11.04.2009

Ramen Noodles - Junk Food as Art


Ramen noodles seem to have a bad reputation here in America. Maligned as the food of poor college students and those seeking empty carbs, ramen is looked at merely as warm junk food. The producers of popular ramen, such as Maruchan, don’t help either when they price a block of ramen for less than 40¢ a package. Drop a Kennedy, heat some water, stir and cover. A meal in thirty seconds! As a man who grew up in Japan, however, I know that there is much more to ramen than that. Most American ramen is a disgrace to ramen as I know it.
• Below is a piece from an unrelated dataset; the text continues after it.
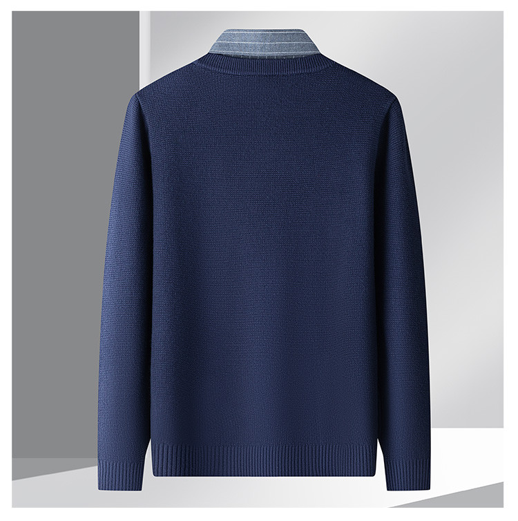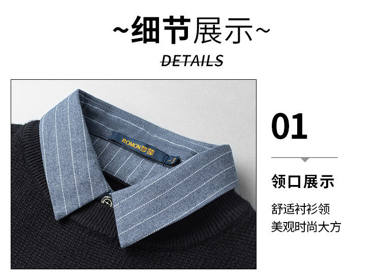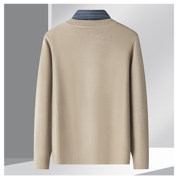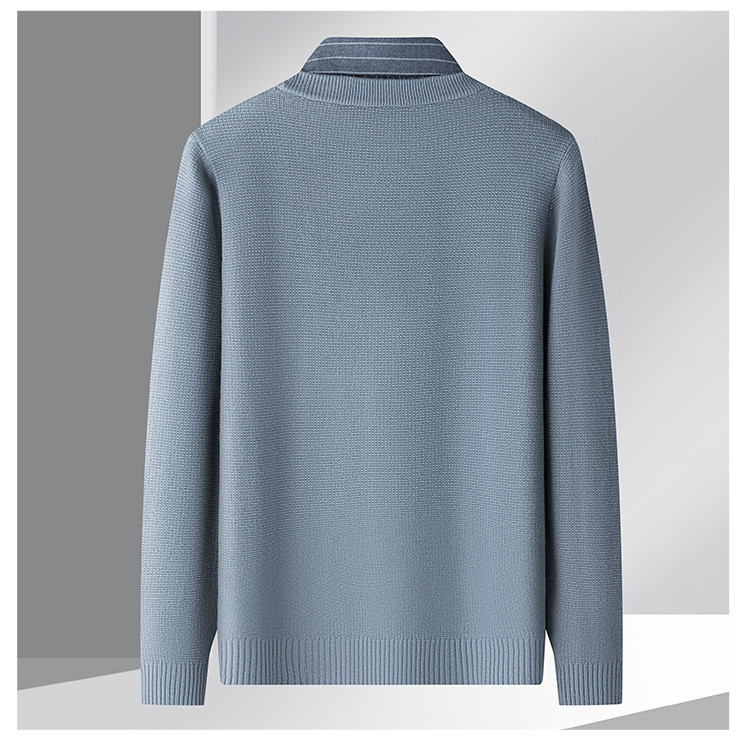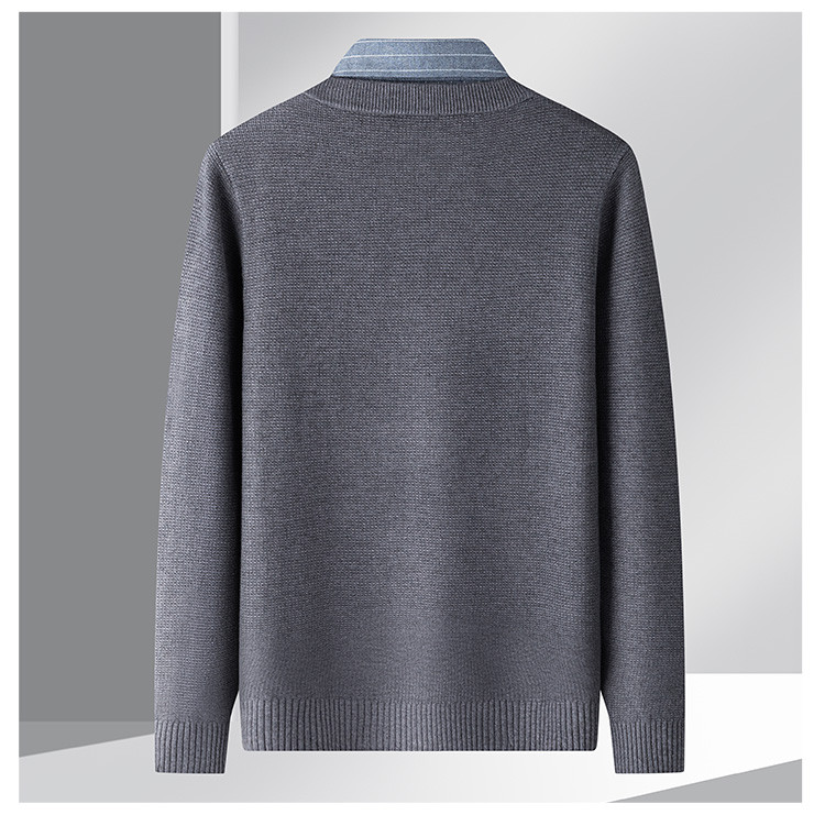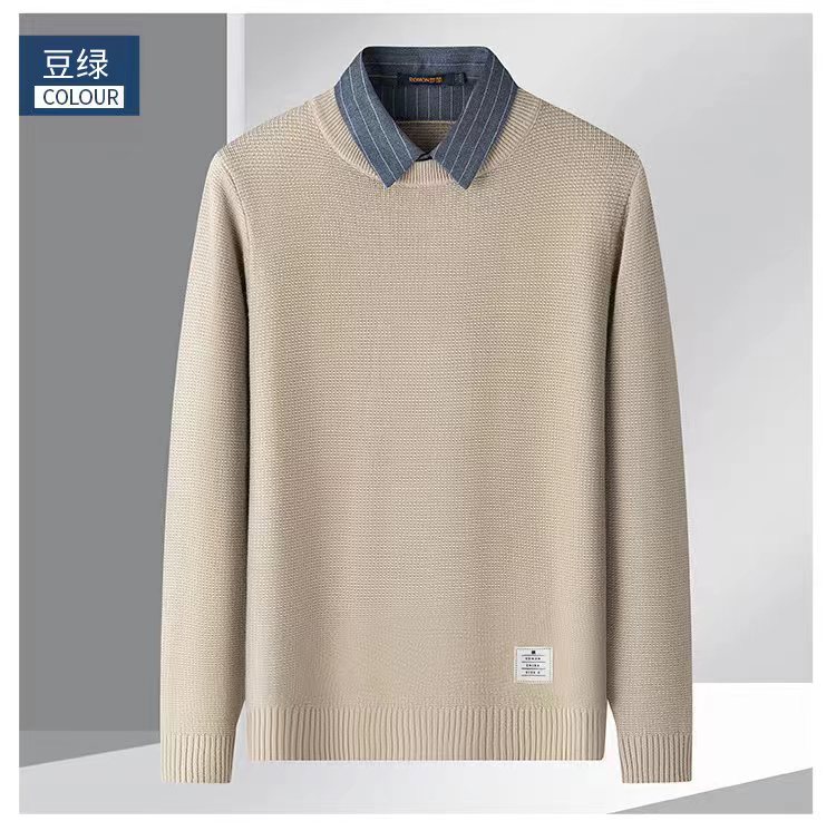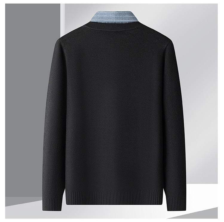 27DKXM7932A【华夫格】罗蒙假两件针织衫男春秋衬衫男长袖毛衣男士针织衫男式毛衣

The Japanese love their ramen. It is a ubiquitous food throughout the country - a Japanese microcosm of the global dominance of McDonald's. That means that, yes, there is the budget-quality stuff available there too, but it is referred to as “the cheap stuff” rather than just “ramen”. What the Japanese usually have in mind when they talk about ramen is the stuff that you find in restaurants. This is my mindset as well. To get good ramen, you go to a restaurant.

Every ramen noodle shop makes their ramen a little bit differently, according to the standards of the target demographic. Average prices for a decent bowl of ramen range from ¥280-¥550 ($2.50-$5), while niche ramen restaurants can charge upwards of ¥980 for a bowl. Prices, of course, also reflect ingredients used, and a good rule of thumb is that the more expensive the bowl, the more meat/higher quality meat is included. Pork is the preferred meat, and it is sliced and placed on top of the noodles. Two or three slices is common, but I have seen as many as six.

The number of different ingredients that can be added to ramen is staggering. Vegetables, seaweed, soy sauce, eggs, meat, fish products, and myriad spices are all fair game. Most common ramen offerings will have a few slices of fatty pork, seaweed, a slice or two of kamaboko (a processed seafood product), and a sliced vegetables.

As I mentioned, a factor in making good ramen is the amount/quality of the toppings ingredients. The variation in noodle texture and quality, however, also contribute to making a good ramen. Some shops hand-make their noodles, which ensures quality at the added expense to the customer. Other places just buy dried blocks of noodles and boil them. These noodles are generally stiffer and harder to chew.

The main part of the ramen that separates the good stuff from the bad, though, is the broth. High-end noodle shops guard their broth recipes like Colonel Sanders guards his herbs and spices. Drinking the broth after finishing the noodles is an integral part of ramen consumption, and is how you tell the good stuff from the ordinary stuff.

I would go so far as to say that a good bowl ramen noodles is an art form. It is junk food, yes, but it is also art. Don’t believe me? Well, America has an equivalent junk-food-turned-art: the barbecue. Thousands of cooks all across the States slave over making the best-tasting sauce to slather onto fatty meats. Sure Arby’s makes a BBQ Roast Beef, but if you wanted a foreigner to get a good taste of “American barbecue,” you would send them to your secret local hole-in-the-wall joint, or maybe to a respected restaurant like Damon’s Grill. They might as well get the good stuff.

And just like there are BBQ fanatics, there are ramen otaku. One of my high school youth group leaders was one - a guy who traveled all over Tokyo in search of good ramen restaurants. That was what he enjoyed doing, and he wouldn’t hesitate to steer you in the direction of a good ramen shop if you were looking for food in the area.

One nation’s junk food is another one’s passion. Just like American chefs pour time and effort into their BBQ creations, so do the Japanese into their ramen dishes. Ramen is more than just a cheap college food, it is an honored national staple. There may not be many ramen restaurants here in America, but I think the arty-junk-food spirit is vibrant here, and it causes me to smile every time I pass a barbecue stand.